# CHC size recomendations and Kellys Korner Special Orchid Mix



## DukeBoxer (Jul 29, 2007)

I have never used CHC before for anything (although I used to rip up coconuts and use the fiber when I potted plants in Costa Rica) and I was wondering what size chip would anyone recommend for potting plants? I read that the medium was good for about all plants, and thats what I was thinking of going with, but how small is the fine grade and would that be better for seedlings rather than the medium grade.

Also, does anyone use the Kellys Korner special orchid mix and if so, how do they like it?
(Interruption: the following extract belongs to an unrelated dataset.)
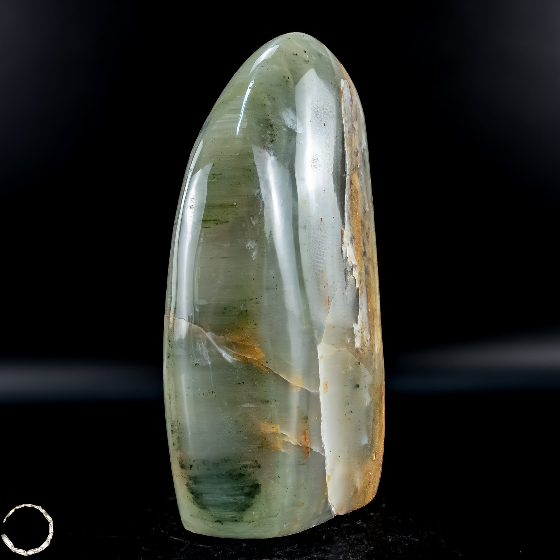 Diese elegante Freiform aus Gartenquarz besticht durch ihre faszinierende Transparenz und die natürliche Landschaft im Inneren des Steins. Der Quarz schimmert in zarten Grün- und Grautönen, durchzogen von mineralischen Einschlüssen in warmen Erdtönen, die wie moosbewachsene Felsen oder urzeitliche Gesteinsschichten wirken.

I usually stick to certain mixes that I make myself but I saw this one and it contained pretty much everything I was going to mix into one I was going to make myself.

-Josh


----------



## likespaphs (Jul 29, 2007)

i've been using Kelley's special mix for about a year now and i've been very happy with it. things seem to enjoy it, too. i do add some sphag as needed, though...


----------



## bwester (Jul 29, 2007)

i actually just moved to a bark mix, but have used KK's mix with no problems


----------



## DukeBoxer (Jul 29, 2007)

Thanx guys!


----------



## NYEric (Jul 29, 2007)

Kelly's Korner is fine. If you order bulk CHC from them get fine sized.


----------



## DukeBoxer (Jul 29, 2007)

Eric, is their medium bigger than usual?


----------



## NYEric (Jul 29, 2007)

In bulk, Yes.


----------



## DukeBoxer (Jul 29, 2007)

Good to know, thanx


----------



## Heather (Jul 29, 2007)

I use KK's also but just recently switched back.


----------